PROCESSORS

Processors are the built-in operators for processing the streaming data by performing various transformations and analytical operations.

For Spark pipelines, you can use the following processors:

 Processor

 Description

 Window

 Collects input streams over a time or range.

 Sort

 Sorts input streams’ values in ascending or descending order.

 Alert

 Generates alerts based on specified rules.

 Enrich

 Lookups into internal and external stores for data enrichment.

 Join

 Joins two or more input streams.

 Distinct

 Removes duplicates from an input stream.

 Group

 Groups input streams by a key.

 Union

 Joins two or more input streams.

 Filter

 Filters input stream values based on specified rules.

 SQL

 Run SQL queries on streaming data.

 Intersection

 Detects common and unique values from two or more input streams. 

 Aggregation

 Aggregates input stream values to perform min, max, count, sum, or avg.

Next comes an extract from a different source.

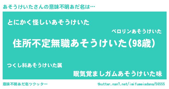 | 男性向けラノベタイトル風あだ名 | 『この素晴らしい世界にあそうけいたを!』 |
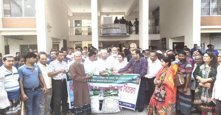 কোটালীপাড়ায় প্রান্তিক কৃষকদের মাঝে বীজ ও সার বিতরণ

 Associative    Aggregation

 Performs aggregation functions over batch data or group by input values.

 Cumulative Aggregation

 Performs aggregation functions on the input streams cumulatively.

 FlatMap

 Produces multiple outputs for one input data.

 MapToPair

 Returns Paired Dstream having dataset of (Key, Value) pairs.

 Scala Processor

 Implements your custom logic written in Scala in a pipeline.

 Persist

 Stores the Spark RDD data into memory.

 Repartition

 Reshuffles the data in the RDD to balance the data across partitions.

 TrasnformByKey

 Performs TrasnformByKey operation on the dataset.

 Take

 Performs take (n) operation on the dataset.

 Custom

 Implements your custom logic in a pipeline.

 

For Storm pipelines, you can use the following processors:

 Processor

 Description

 Timer

 Collects input streams over a time or range.

 Alert

 Generates alerts based on specified rules.

 Enrich

 Lookups into internal and external stores for data enrichment.

 Aggregation

 Performs min, max, count, sum, or avg operations on incoming message fields.

 Filter

 Filters input stream values based on specified rules.

 Custom

 Implements your custom logic in a pipeline.